● Exercise details: In the entries below, find the line with "foto 10: ženske" and print exactly every line from there up to and including the line with "Koreja: Visok črn", with no other lines.
((
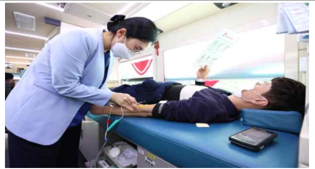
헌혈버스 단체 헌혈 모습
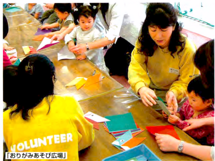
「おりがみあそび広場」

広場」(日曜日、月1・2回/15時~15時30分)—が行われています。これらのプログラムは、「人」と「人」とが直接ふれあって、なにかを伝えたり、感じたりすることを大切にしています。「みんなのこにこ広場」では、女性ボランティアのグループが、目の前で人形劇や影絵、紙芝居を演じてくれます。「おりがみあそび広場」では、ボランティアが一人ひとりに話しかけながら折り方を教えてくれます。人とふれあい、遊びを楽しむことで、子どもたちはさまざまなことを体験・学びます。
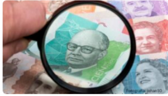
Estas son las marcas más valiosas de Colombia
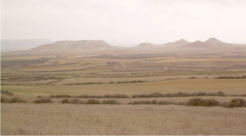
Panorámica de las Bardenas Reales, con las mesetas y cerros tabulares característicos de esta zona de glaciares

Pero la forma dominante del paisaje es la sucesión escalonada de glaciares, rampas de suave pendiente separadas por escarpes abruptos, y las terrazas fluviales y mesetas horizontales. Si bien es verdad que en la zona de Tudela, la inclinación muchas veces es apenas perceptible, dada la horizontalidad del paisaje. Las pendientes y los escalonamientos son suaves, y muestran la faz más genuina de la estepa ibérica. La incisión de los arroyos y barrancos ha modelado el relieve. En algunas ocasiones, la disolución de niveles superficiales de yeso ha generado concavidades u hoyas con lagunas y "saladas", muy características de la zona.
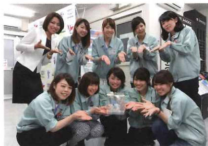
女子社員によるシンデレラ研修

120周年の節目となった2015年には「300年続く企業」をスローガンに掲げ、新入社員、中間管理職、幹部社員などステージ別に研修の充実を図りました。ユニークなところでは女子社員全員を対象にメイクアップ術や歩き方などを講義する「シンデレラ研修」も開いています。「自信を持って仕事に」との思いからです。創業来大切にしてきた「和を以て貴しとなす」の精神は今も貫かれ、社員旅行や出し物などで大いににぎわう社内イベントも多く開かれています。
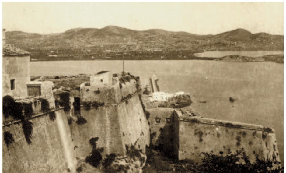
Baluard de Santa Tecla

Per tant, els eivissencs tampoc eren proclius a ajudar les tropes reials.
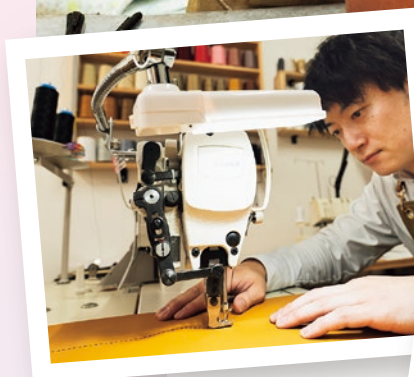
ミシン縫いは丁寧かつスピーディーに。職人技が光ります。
))
((
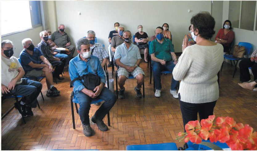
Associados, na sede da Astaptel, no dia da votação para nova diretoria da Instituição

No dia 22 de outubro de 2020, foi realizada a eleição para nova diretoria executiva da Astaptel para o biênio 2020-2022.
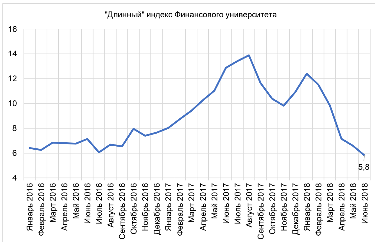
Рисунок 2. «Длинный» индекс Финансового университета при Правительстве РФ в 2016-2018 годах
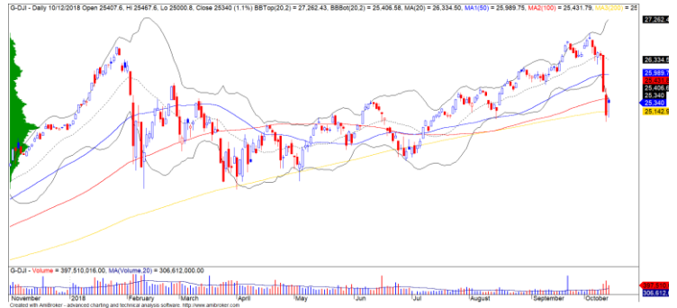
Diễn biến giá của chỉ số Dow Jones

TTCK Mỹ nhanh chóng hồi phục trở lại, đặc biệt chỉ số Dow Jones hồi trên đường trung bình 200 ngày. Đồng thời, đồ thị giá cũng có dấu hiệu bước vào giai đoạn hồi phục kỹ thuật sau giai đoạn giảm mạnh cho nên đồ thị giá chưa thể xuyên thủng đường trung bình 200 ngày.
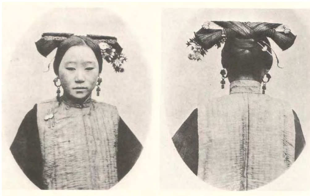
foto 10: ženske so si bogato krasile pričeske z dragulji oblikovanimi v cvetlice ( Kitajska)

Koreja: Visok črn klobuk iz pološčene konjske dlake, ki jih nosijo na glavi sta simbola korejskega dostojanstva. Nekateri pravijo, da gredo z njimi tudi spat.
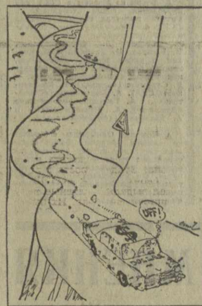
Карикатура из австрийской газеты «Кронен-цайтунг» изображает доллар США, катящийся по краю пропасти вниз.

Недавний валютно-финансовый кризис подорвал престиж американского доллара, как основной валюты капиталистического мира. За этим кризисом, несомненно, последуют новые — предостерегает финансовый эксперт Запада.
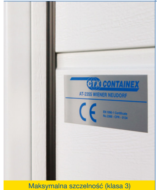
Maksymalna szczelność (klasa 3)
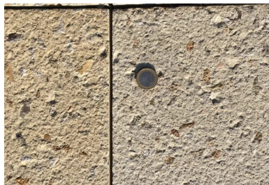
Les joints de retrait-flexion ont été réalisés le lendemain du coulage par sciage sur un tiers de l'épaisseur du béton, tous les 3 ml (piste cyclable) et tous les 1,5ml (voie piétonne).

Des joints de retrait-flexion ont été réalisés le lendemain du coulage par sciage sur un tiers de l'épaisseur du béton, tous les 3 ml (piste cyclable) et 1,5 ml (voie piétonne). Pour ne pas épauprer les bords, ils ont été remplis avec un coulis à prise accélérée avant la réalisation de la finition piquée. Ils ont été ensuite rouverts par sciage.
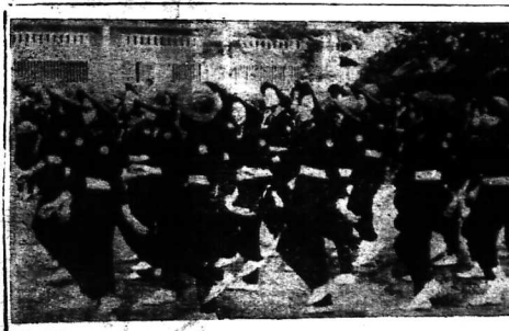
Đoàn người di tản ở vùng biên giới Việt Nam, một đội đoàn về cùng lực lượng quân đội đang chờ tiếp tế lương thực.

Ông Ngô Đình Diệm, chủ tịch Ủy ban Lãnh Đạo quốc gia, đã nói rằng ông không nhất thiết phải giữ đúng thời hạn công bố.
))
● Response to the task:
foto 10: ženske so si bogato krasile pričeske z dragulji oblikovanimi v cvetlice ( Kitajska)

Koreja: Visok črn klobuk iz pološčene konjske dlake, ki jih nosijo na glavi sta simbola korejskega dostojanstva. Nekateri pravijo, da gredo z njimi tudi spat.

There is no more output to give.